In February 2024 Polygon Labs laid off 60 employees, or around 19% of its staff.

== Technology ==
Polygon employs a modified proof-of-stake consensus technique, which allows consensus to be reached with every block on the blockchain. (Using standard proof-of-stake, achieving consensus will need processing a large number of blocks to establish consensus.) The proof of stake method requires network participants to stake—agree to not trade or sell—their POL tokens, in exchange for the right to validate Polygon network transactions. Successful validators in the Polygon network are rewarded with POL tokens proportionally to their POL stake. The Polygon network aims to address problems within the Ethereum platform, namely high transaction fees and slow processing speeds.

In January 2024, Polygon announced a new protocol called AggLayer that aims to aggregate zero-knowledge proofs (ZK-proofs) from multiple blockchains and allow developers to connect layer 1 and 2 blockchains to merge them into a single network.

== Partnerships ==

Polygon is the blockchain platform which runs Polymarket, the world's largest prediction market.

In July 2022, Polygon participated in Disney's 2022 acceleration program to expand into augmented reality, NFTs, and AI.

In October 2022, the Indian Police in Firozabad started using Polygon for reporting crimes.

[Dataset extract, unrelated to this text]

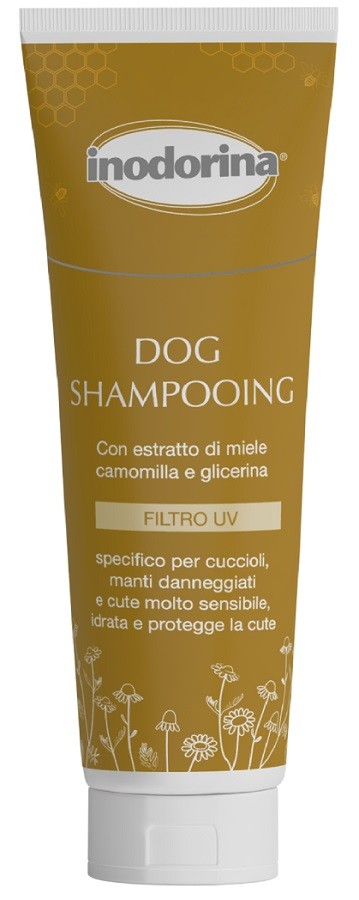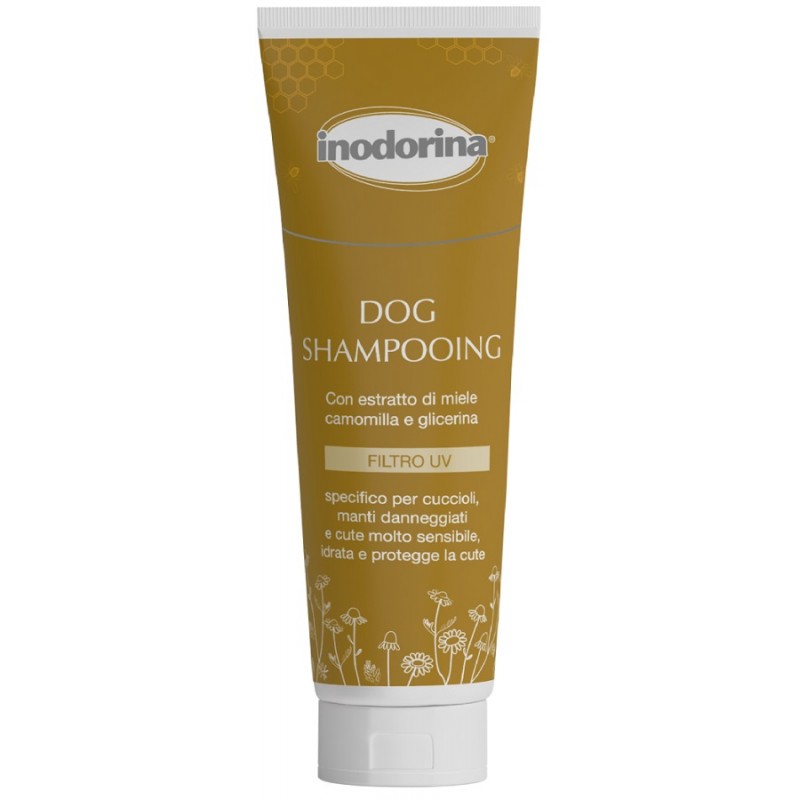 Pelo pulito? Manto igienizzato? Delicato profumo? Tutto questo si può! Con la nuova linea degli Shampoo Inodorina detergerai il manto del tuo cucciolo senza rovinargli la cute molto sensibile in questo periodo della sua vita.Lo Shampoo per Cuccioli, manti danneggiati e cute sensibile, grazie alla presenza degli estratti di Miele e Camomilla, svolge una riconosciuta azione rilassante e calmante.Consigli di utilizzo:Applicare lo shampoo sul pelo precedentemente bagnato con acqua tiepida (25°). Massaggiare uniformemente su tutto il manto in modo da formare schiuma, quindi sciacquare con acqua pulita. Si consiglia l’uso abbinato del balsamo ad azione districante per rendere il pelo facilmente pettinabile e corposo.Confezione da 250 ml

In January 2023, Polygon partnered with Alethea AI on an "AI Collectibles campaign" for trading AI characters as NFTs on Polygon.

In March 2023, Polygon partnered with Immutable Pty Ltd to integrate Polygon's zkEVM technology into Immutable's blockchain.

In April 2023, Polygon and Google Cloud have formed a multi-year strategic alliance to accelerate the adoption of Polygon protocols, enhancing the development of Web3 products and decentralized applications.

In January 2025, Jio Platforms, the digital subsidiary of Reliance Industries (RIL) and the operator of Indian-based telecom network, Reliance Jio, confirmed a collaboration with blockchain firm Polygon Labs to integrate Web3 capabilities into its existing applications and services.